Dia do poeta cordelista é celebrado com poesia

  **O cordel está para o cordelista, assim como o mar está para peixe. Em Capanema, são vários os representantes da literatura de cordel, que em versos, notabilizam as suas escritas. Relaciono nomes de alguns cordelistas que residem ou já residiram em Capanema: Lucivaldo Ribeiro, Jeová Barros, Camilo Lélis, Jorge Carvalho, Abnéas Júnior, Manuel Arnaldo, Ivanildo Pessoa e a "Dama do Cordel", Socorro Rebouças. Para eles e os outros, eu tiro o meu chapéu! (PV)



Ela consiste em uma poesia rimada e é mais popular no nordeste do país, mas há paraenses cordelistas

Juraci no evento Praça do Cordel, em Fortaleza. (Reprodução / Arquivo pessoal)

A literatura de Cordel é um gênero que vem da tradição oral e posteriormente começou a ser registrado pela escrita em folhetos. Ela consiste em uma poesia rimada e é mais popular no nordeste do país, mas há paraenses cordelistas. 19 de novembro, dia do poeta cordelista a equipe da Redação Integrada de O Liberal conversou com alguns poetas sobre o universo do cordel.

O poeta Antônio Juraci Siqueira, 74 anos, é também professor de filosofia. O cordel está presente em sua vida desde a década de 1980. Em mais de quarenta anos de escrita já perdeu as contas de quantos publicações fez, mas ressalta que são "para mais de 80 títulos" e continua escrevendo diariamente. "Escrevo cordel e trovas há mais de quarenta anos.

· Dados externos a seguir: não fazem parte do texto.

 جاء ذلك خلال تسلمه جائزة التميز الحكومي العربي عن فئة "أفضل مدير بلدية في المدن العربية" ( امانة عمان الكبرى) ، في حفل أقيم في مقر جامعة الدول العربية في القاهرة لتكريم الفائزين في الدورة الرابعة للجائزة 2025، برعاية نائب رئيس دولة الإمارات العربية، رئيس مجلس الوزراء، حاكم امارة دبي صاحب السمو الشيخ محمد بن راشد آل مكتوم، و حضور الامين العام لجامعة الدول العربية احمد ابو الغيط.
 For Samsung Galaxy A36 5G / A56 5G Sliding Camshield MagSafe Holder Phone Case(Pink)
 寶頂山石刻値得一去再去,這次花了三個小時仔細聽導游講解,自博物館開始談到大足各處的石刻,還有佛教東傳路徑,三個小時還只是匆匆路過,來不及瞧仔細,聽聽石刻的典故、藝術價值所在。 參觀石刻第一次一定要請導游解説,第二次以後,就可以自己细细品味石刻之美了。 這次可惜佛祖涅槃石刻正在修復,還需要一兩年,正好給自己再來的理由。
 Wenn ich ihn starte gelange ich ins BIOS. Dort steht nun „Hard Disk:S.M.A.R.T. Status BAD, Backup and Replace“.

Minha primeira publicação aconteceu no dia 13 de fevereiro de 1980 no 'Jornaleco' do jornalista Raymundo Mário Sobral, no jornal A Província do Pará e, apesar de ser escrito em quadras, já pode, a grosso modo, ser considerado cordel", relembrou.

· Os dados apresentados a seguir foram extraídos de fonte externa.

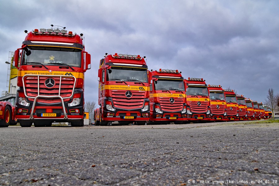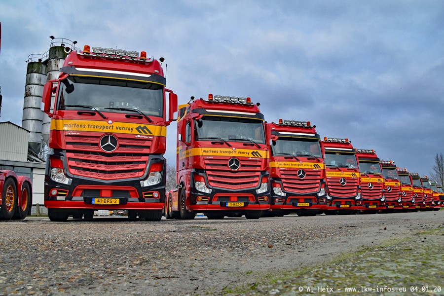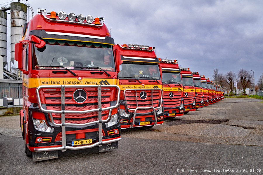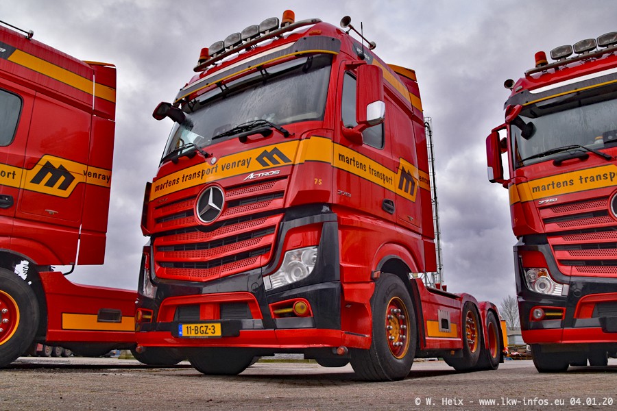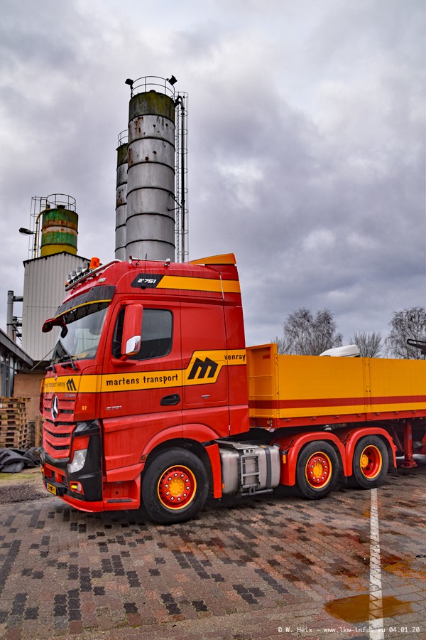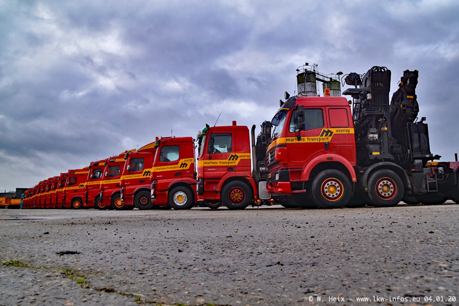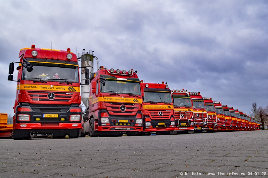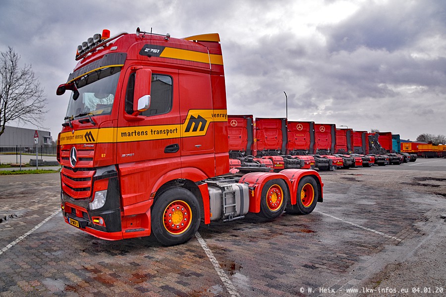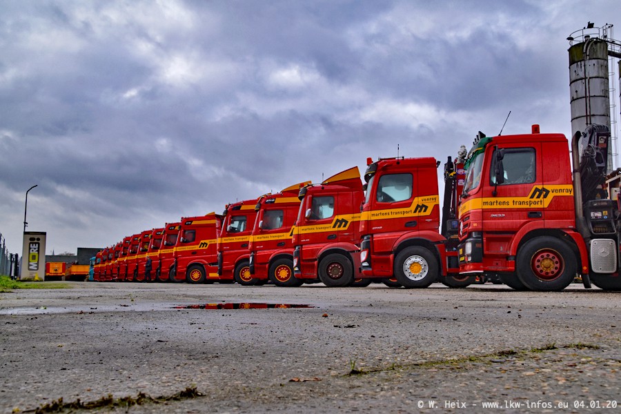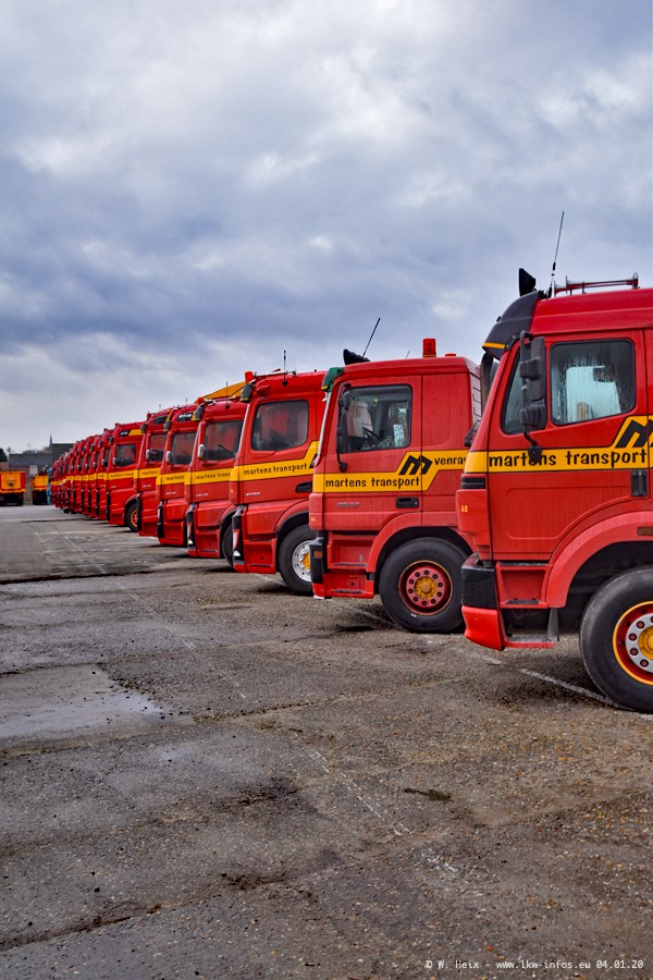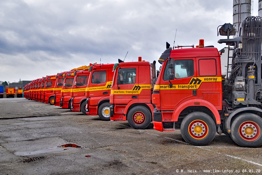 Dies war ein "verspäteter" Weihnachtsbesuch bei Martens. 19 der insgesamt 20 LKW waren zuhause und standen in einer Reihe nebeneinander. Anfang Dezember 2019 gab es auch bei Martens den ersten Mercedes-Benz New Actros 4 (ohne Spiegel). Das ist ein 2733. Mittlerweile gibt es nur noch einen SCANIA 114 im Fuhrpark (der blaue). Der Rest ist komplett von Mercedes-Benz.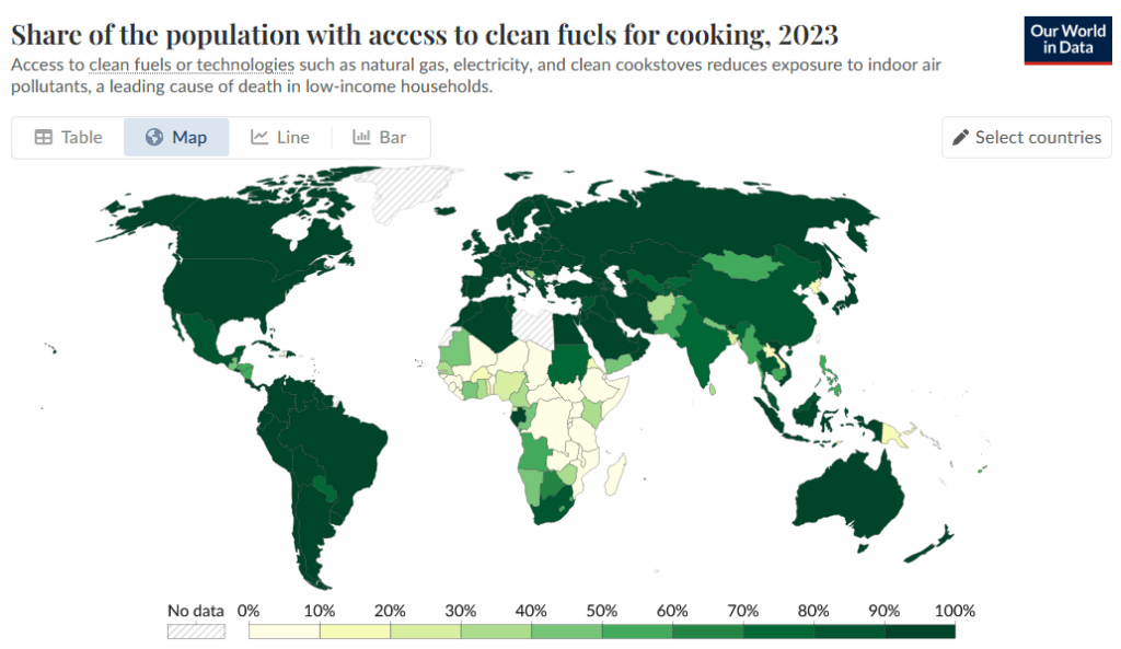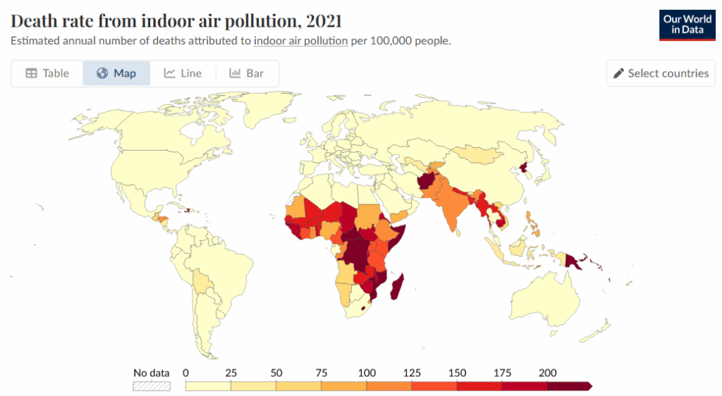 Question 3: The two maps seem connected because countries with low access to modern cooking fuels (lighter colors in the first map) often have higher death rates from indoor air pollution (darker colors in the second map). This suggests that when people don’t have non-biomass fuels, they may use fuels that harm their health and increase deaths.

"Depois o Sobral me convidou pra escrever no PQP, um jornal 'pra quem pode', onde escrevi, mensalmente, por 22 anos, cordel pornô/humorístico. Comecei com a coluna 'Rima Rica' e depois ganhei uma página, chamada 'Juraci Park', onde publicava prosa e cordel", complementou.

Juraci celebra o dia do poeta cordelista, escrevendo e lembrando os nomes de outros cordelistas paraenses que, assim como ele, inspiram a nova geração de escritores. 

"Tenho uma grande admiração pelos grandes mestres do gênero e me sinto gratificado por hoje ser um deles, por isso me esforço ao máximo em respeito a esses que me antecederam, por isso continuo escrevendo e publicando. Temos grandes nomes de cordelistas paraenses contemporâneos, a maioria pertencentes à Academia Paraense de Literatura de Cordel, da qual ocupo a cadeira número um. Não gosto de citar nomes para não cometer injustiças, mas citarei apenas meia dúzia dessa constelação: Jetro Fagundes, Ubiraci Conceição, Francisco Mendes, Heliana Barriga, Socorro Rebouças e Ducarmo Sousa", concluiu.
"O cordel é poesia popular, arte feita pelo povo que muitas das vezes vive no anonimato. Conhecer o Cordel, é conhecer a nossa própria história", comentou Hugo. (Reprodução / Lucas Pescada)

 

Hugo Caetano, 31 anos, é artista, educador, produtor e historiador. Ele faz parte da nova geração de cordelistas e revela como começou a escrever. 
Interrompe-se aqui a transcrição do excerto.